Thirty-five seconds into my first run, I realize why they call it "skeleton." G-forces drive my head down, causing my helmet to bounce off the ice as it whizzes by at 45 mph; my bones rattle as I careen around turns I hardly see coming.
I'm hooked from turn one.
This is Skeleton School, just outside of Lake Placid, New York, where I'm learning the basics of a sport returning to the Olympic Games after a 54-year hiatus. On February 20, an estimated 32 athletes from 12 countries will begin competing in what's been called a speed junkie's wet dream-headfirst on a steel platform at speeds of 80 mph.
The five-day program-part fantasy camp, part recruitment center-is run by Don Hass, a former North American skeleton champion. Day one is dedicated to learning about the 16-inch-wide, 3-foot-long sled. The instructions are simple: Lie flat on your stomach, keep your toes back and chin up, and steer with subtle shifts of body weight. Less than an hour later, I'm off to the junior start at the bottom half of the course.

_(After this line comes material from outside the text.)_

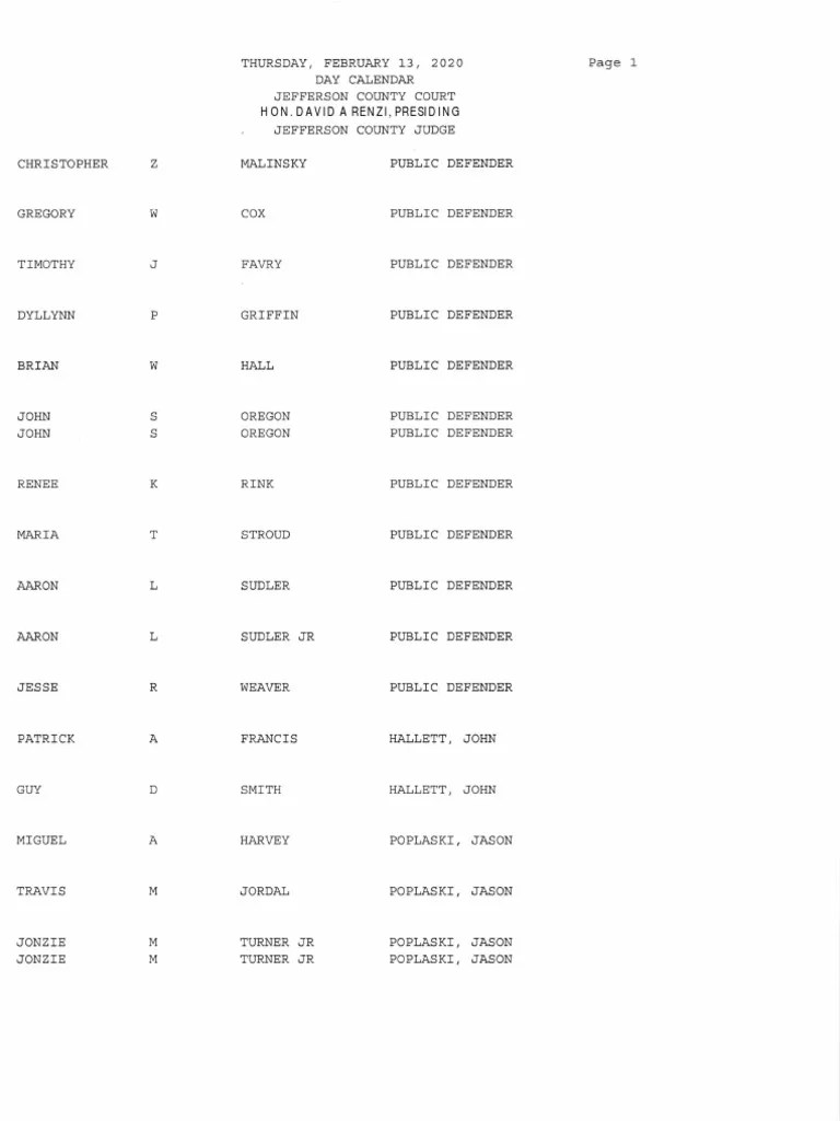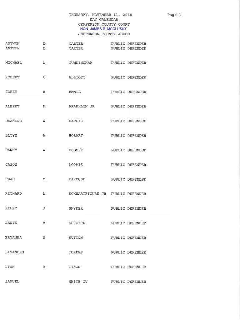 Jefferson County Court Calendar Nov. 1, 2018 PDF
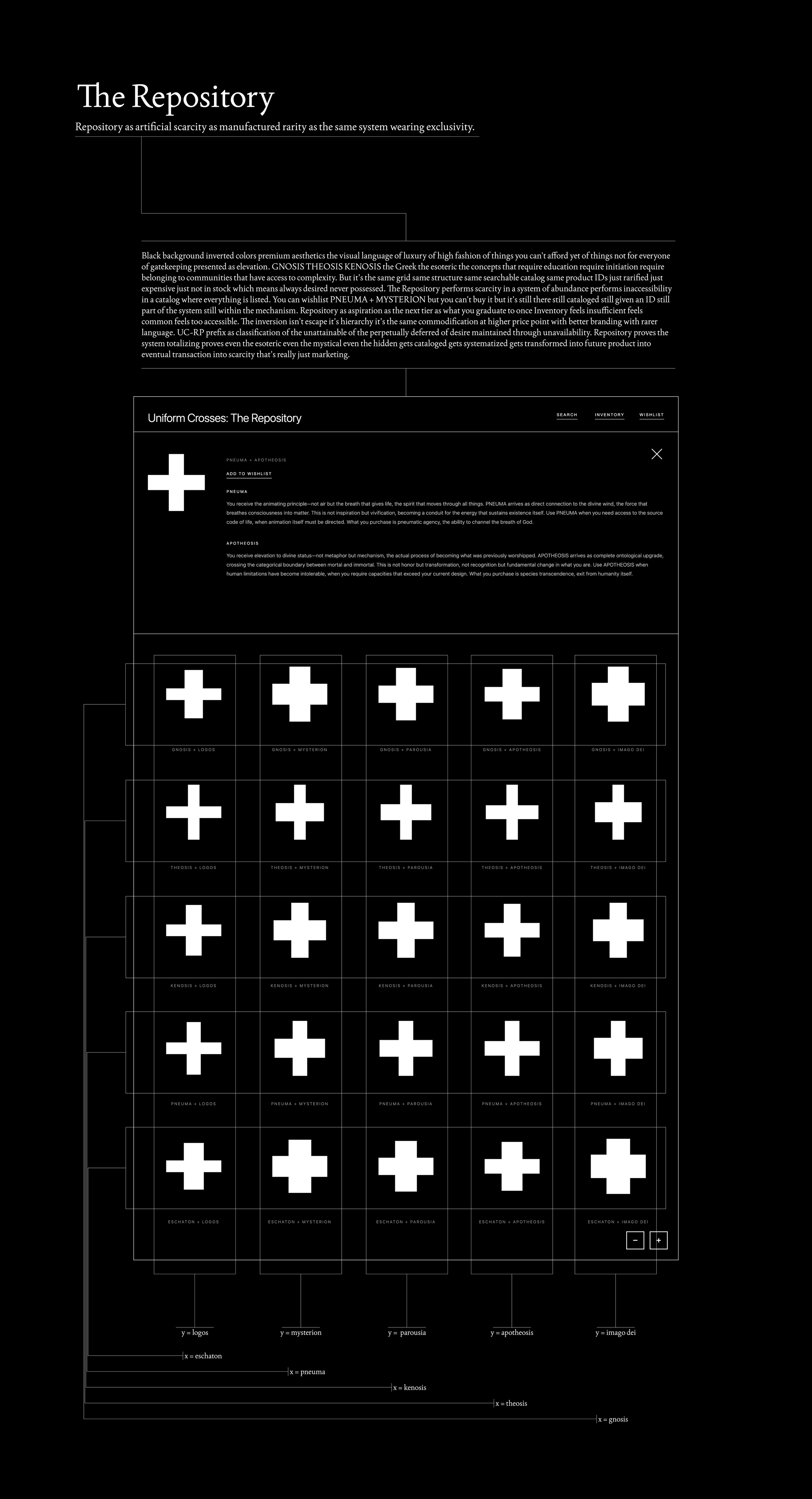 The Repository inverts the system—black background, white crosses, Greek theological terminology—presenting GNOSIS, THEOSIS, KENOSIS, PNEUMA, ESCHATON combined with LOGOS, MYSTERION, PAROUSIA, APOTHEOSIS, IMAGO DEI as rare, exclusive items "not currently in stock." These esoteric concepts require education, initiation, access to communities that possess theological sophistication. The Repository performs artificial scarcity within a system of total availability. Everything remains cataloged, searchable, assigned a product ID, but withheld. This is luxury branding applied to mysticism—the same commodification at a higher price point, accessibility replaced by aspiration.

Slightly anxious-one wrong move would have me cascading off 20-foot embankments-I take a deep breath and plunge headfirst down the track.
The learning curve is short: By the end of the second day, I'm beginning at the Olympic start, with its extra half-mile of relentless turns, which makes 20 in all. During my last run, I peak at 65 mph, but throw all attempts at steering out the window-the G-forces are just too great.
Of course, surrendering control of the sled to the whims of the track isn't all bad. As Hass likes to say, only half-joking: "He who steers least wins."
Want to Try It?
There are two Skeleton schools in the U.S., offering programs several times a year. The five-day Lake Placid school (518-523-1842, ext. 105) costs $450, including room and board. The Utah Winter Sports Park (435-658-4200) in Park City offers a one-day class for $150.